A Stable Diffusion prompt has a maximum length of 77 tokens. The code used for tokenization instructs the AI algorithm to truncate anything beyond that. Truncate is just a fancy word for “cut off’ or “ignore”. So if you write a 100-token prompt, the last 23 tokens won’t even be considered when generating an image.

But remember that a token is not the same thing as a character. A token can include several characters or even a full word.

Token Max of 75 or 77?

A few articles online claim the limit is actually 75 tokens. Some of the web interfaces show it as 75 tokens as well. I don’t know where they got that number, but it’s not accurate. You can read the actual code for any model that you download and see what the limit is. In Stable Diffusion V1.4, the “max model length” is set to 77, not 75. This code is on line 21, in the following model directory:

stable-diffusion-v1-4/tokenizer/tokenizer_config.json

Okay. We’ve thrown around the word “token” several times now. But what does it actually mean?
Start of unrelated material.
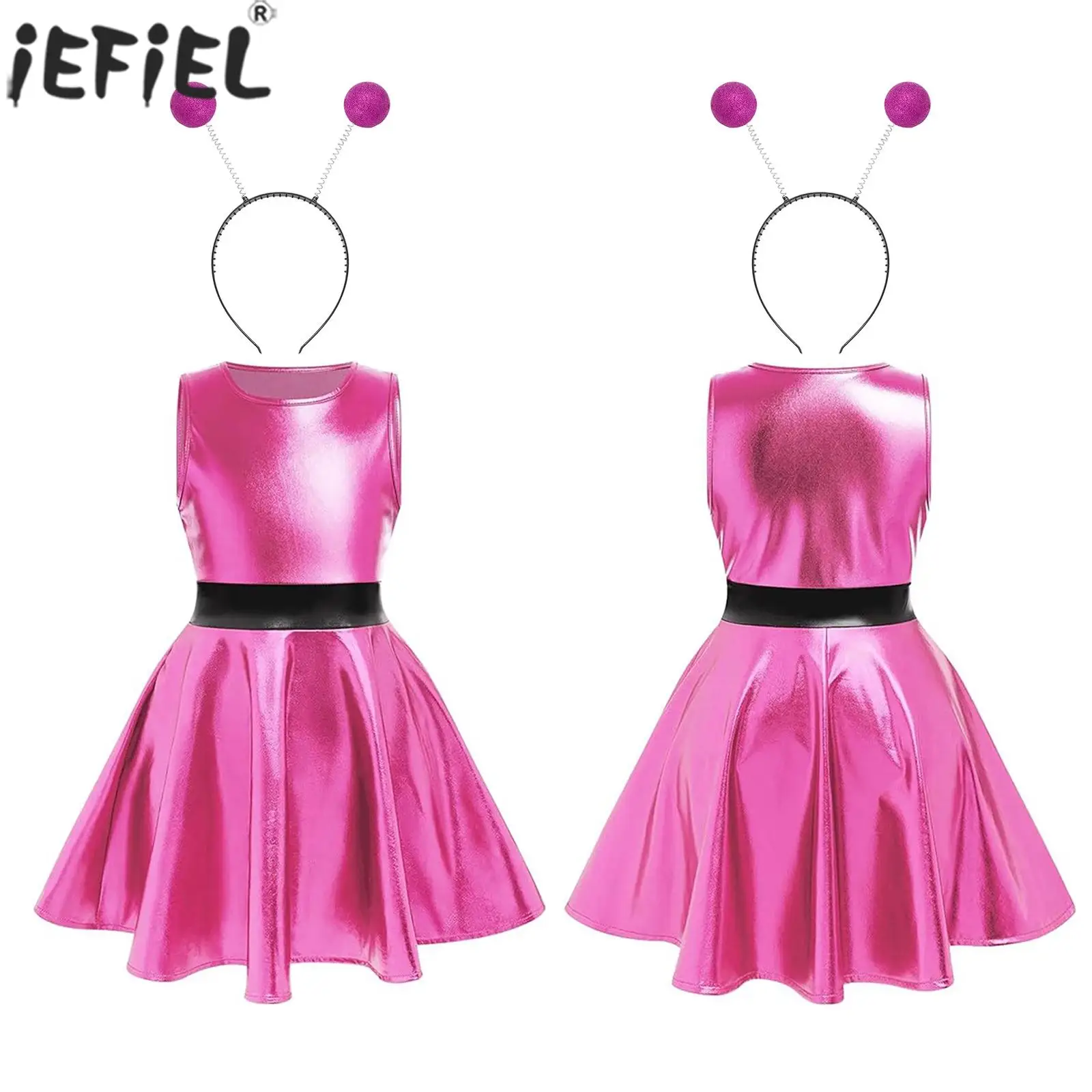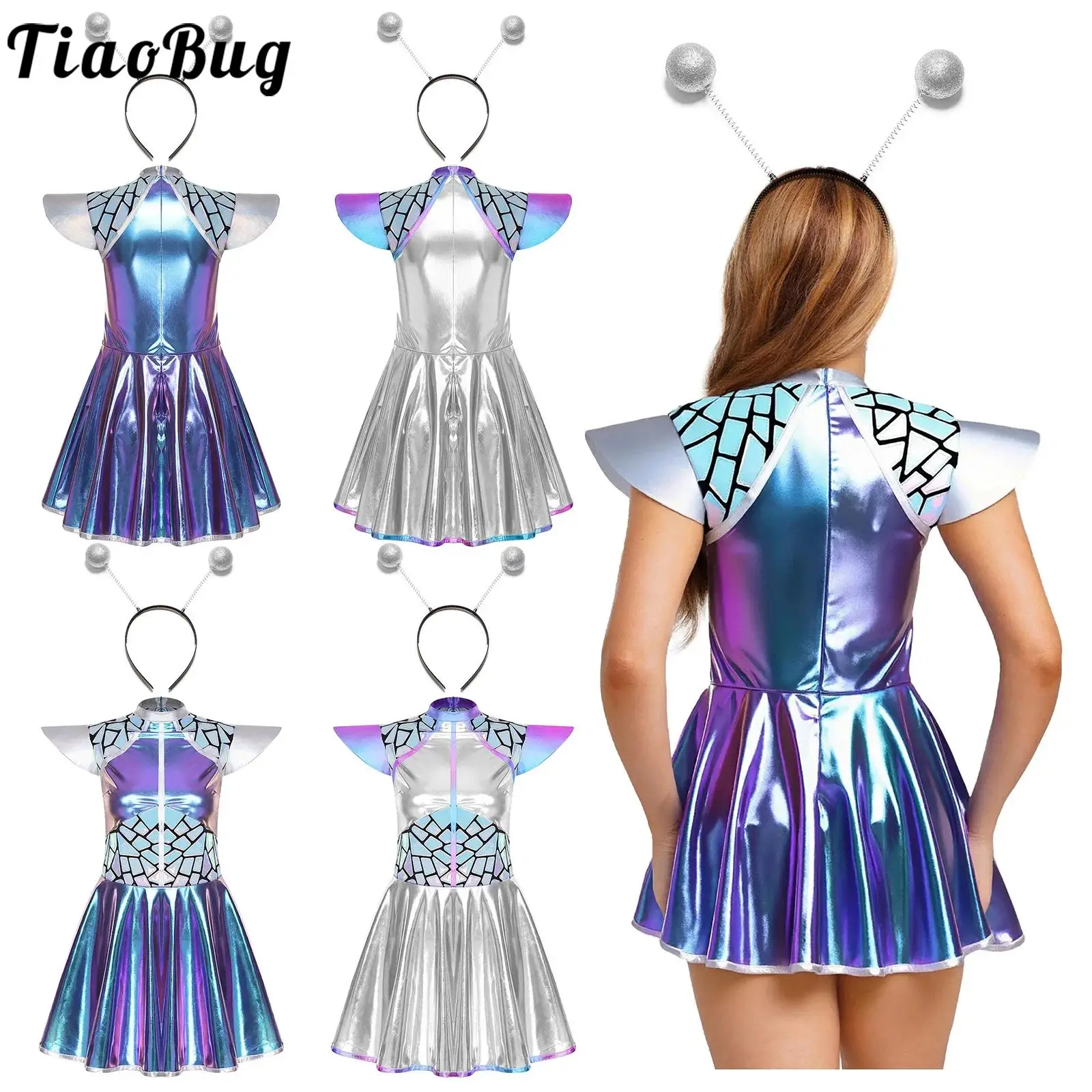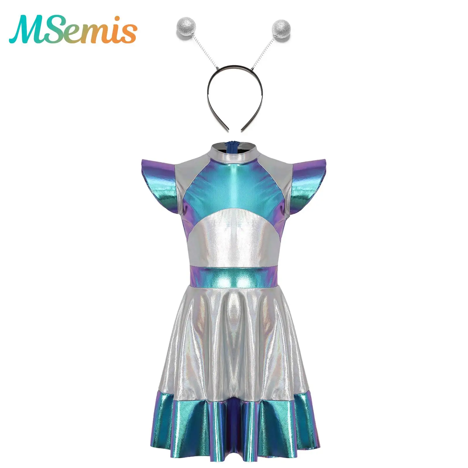 Děti dívčí cutie mezera cizinec cosplais šaty bez rukávů na zip metalické lesklý šaty vlasy obruč halloween kosmonaut robot kostým

What is a Stable Diffusion Token?

A Stable Diffusion token is simply a clump of characters that are grouped together and assigned a number. The AI algorithm then reads the number when embedding and knows what characters it represents. In many instances, a token represents a single word…but not always.

You see, those numbers (and the characters assigned to them) are part of a massive dictionary of tokens that Stable Diffusion understands. The AI model reads your prompt, compares it to the dictionary of tokens it knows, and splits up the words and characters into chunks that match a dictionary entry.

How Long is a Stable Diffusion Token?

A Stable Diffusion token can be as small as 1 character or as long as 32 characters. That is based on the actual entries in Stable Diffusion’s Tokenizer Vocabulary list. It all depends on how the tokenizer splits up your text and what words are in that dictionary. Some things to note based on the vocab list that was used to train the AI:

  • Most words will equal 1 token
  • Most single punctuation marks equal 1 token (so every time you add a “,” between words you are adding another token
  • A space also equals 1 token (so every space between equals adds another token to your total)
  • Some hashtag phrases are 1 token (there are several phrases made of several words that equal just one token because that phrase is all one word in the vocab list. Example: “throwbackthursday” is a single token)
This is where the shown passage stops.